### ASSIGNMENT
Could you repeat the entries below exactly, but only from the line with "Photographic Arts (FIAP)." through the line with "І знову прохання", and without any picture?

### DATA PROVIDED
---
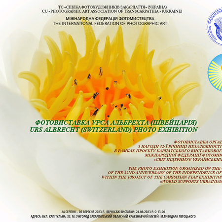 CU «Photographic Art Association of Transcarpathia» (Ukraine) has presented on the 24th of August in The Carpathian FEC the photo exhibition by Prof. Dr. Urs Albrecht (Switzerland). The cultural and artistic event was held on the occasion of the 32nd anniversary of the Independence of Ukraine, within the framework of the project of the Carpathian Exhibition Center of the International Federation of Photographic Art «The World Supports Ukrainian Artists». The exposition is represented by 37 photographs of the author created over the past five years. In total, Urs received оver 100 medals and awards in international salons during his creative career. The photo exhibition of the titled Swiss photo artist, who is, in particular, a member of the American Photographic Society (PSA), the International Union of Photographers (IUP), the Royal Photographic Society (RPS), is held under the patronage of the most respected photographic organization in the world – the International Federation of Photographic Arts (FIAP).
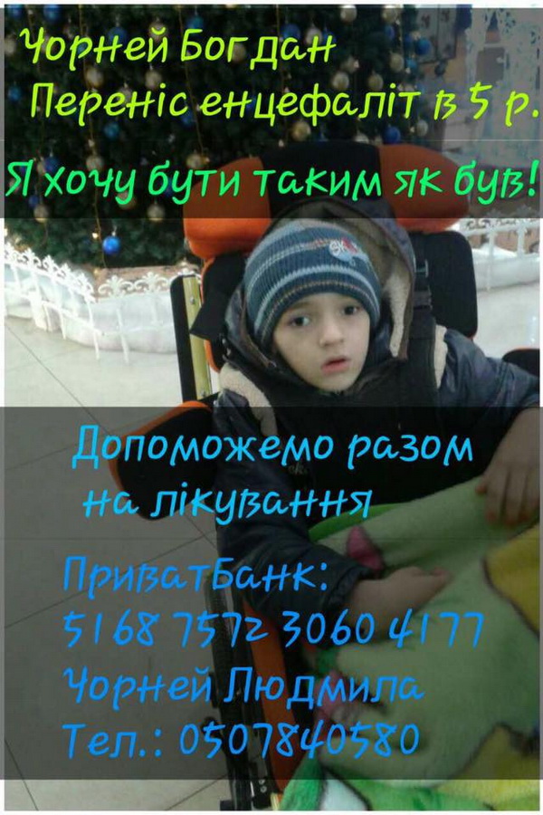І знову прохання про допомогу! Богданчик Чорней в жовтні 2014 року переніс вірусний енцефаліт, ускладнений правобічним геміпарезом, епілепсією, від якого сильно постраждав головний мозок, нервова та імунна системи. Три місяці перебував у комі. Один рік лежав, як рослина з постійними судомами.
---
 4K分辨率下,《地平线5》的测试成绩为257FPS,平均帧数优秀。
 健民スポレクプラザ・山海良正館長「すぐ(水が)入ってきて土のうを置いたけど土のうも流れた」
---
### ANSWER
 CU «Photographic Art Association of Transcarpathia» (Ukraine) has presented on the 24th of August in The Carpathian FEC the photo exhibition by Prof. Dr. Urs Albrecht (Switzerland). The cultural and artistic event was held on the occasion of the 32nd anniversary of the Independence of Ukraine, within the framework of the project of the Carpathian Exhibition Center of the International Federation of Photographic Art «The World Supports Ukrainian Artists». The exposition is represented by 37 photographs of the author created over the past five years. In total, Urs received оver 100 medals and awards in international salons during his creative career. The photo exhibition of the titled Swiss photo artist, who is, in particular, a member of the American Photographic Society (PSA), the International Union of Photographers (IUP), the Royal Photographic Society (RPS), is held under the patronage of the most respected photographic organization in the world – the International Federation of Photographic Arts (FIAP).
І знову прохання про допомогу! Богданчик Чорней в жовтні 2014 року переніс вірусний енцефаліт, ускладнений правобічним геміпарезом, епілепсією, від якого сильно постраждав головний мозок, нервова та імунна системи. Три місяці перебував у комі. Один рік лежав, як рослина з постійними судомами.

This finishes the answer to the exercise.